- Exercise requirements: Set down the data below in full and exactly, minus the pictures.

- Data section:
=== Begin Enclosure ===
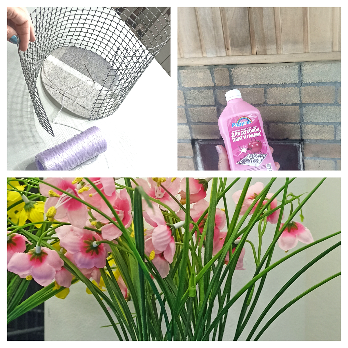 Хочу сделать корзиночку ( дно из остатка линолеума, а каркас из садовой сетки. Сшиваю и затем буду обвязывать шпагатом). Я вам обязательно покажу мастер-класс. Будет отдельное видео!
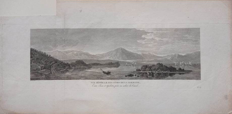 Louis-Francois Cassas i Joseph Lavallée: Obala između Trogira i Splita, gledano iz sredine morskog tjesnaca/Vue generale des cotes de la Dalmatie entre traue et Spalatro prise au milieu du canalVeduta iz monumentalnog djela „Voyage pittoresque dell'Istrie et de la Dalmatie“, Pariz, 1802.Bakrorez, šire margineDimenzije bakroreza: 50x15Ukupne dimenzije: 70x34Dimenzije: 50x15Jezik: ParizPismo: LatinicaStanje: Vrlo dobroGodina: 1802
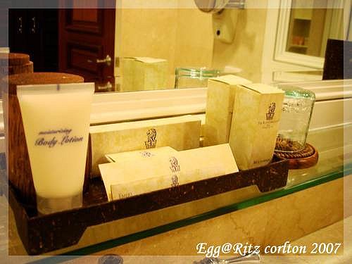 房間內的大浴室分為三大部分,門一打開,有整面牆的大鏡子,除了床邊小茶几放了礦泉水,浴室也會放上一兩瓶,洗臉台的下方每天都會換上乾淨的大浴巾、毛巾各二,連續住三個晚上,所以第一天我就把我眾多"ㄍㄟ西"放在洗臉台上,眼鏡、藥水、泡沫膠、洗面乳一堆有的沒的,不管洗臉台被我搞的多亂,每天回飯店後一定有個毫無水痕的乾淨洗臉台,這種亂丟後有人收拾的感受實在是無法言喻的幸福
=== End Enclosure ===
- Exercise response:
 Хочу сделать корзиночку ( дно из остатка линолеума, а каркас из садовой сетки. Сшиваю и затем буду обвязывать шпагатом). Я вам обязательно покажу мастер-класс. Будет отдельное видео!
 Louis-Francois Cassas i Joseph Lavallée: Obala između Trogira i Splita, gledano iz sredine morskog tjesnaca/Vue generale des cotes de la Dalmatie entre traue et Spalatro prise au milieu du canalVeduta iz monumentalnog djela „Voyage pittoresque dell'Istrie et de la Dalmatie“, Pariz, 1802.Bakrorez, šire margineDimenzije bakroreza: 50x15Ukupne dimenzije: 70x34Dimenzije: 50x15Jezik: ParizPismo: LatinicaStanje: Vrlo dobroGodina: 1802
 房間內的大浴室分為三大部分,門一打開,有整面牆的大鏡子,除了床邊小茶几放了礦泉水,浴室也會放上一兩瓶,洗臉台的下方每天都會換上乾淨的大浴巾、毛巾各二,連續住三個晚上,所以第一天我就把我眾多"ㄍㄟ西"放在洗臉台上,眼鏡、藥水、泡沫膠、洗面乳一堆有的沒的,不管洗臉台被我搞的多亂,每天回飯店後一定有個毫無水痕的乾淨洗臉台,這種亂丟後有人收拾的感受實在是無法言喻的幸福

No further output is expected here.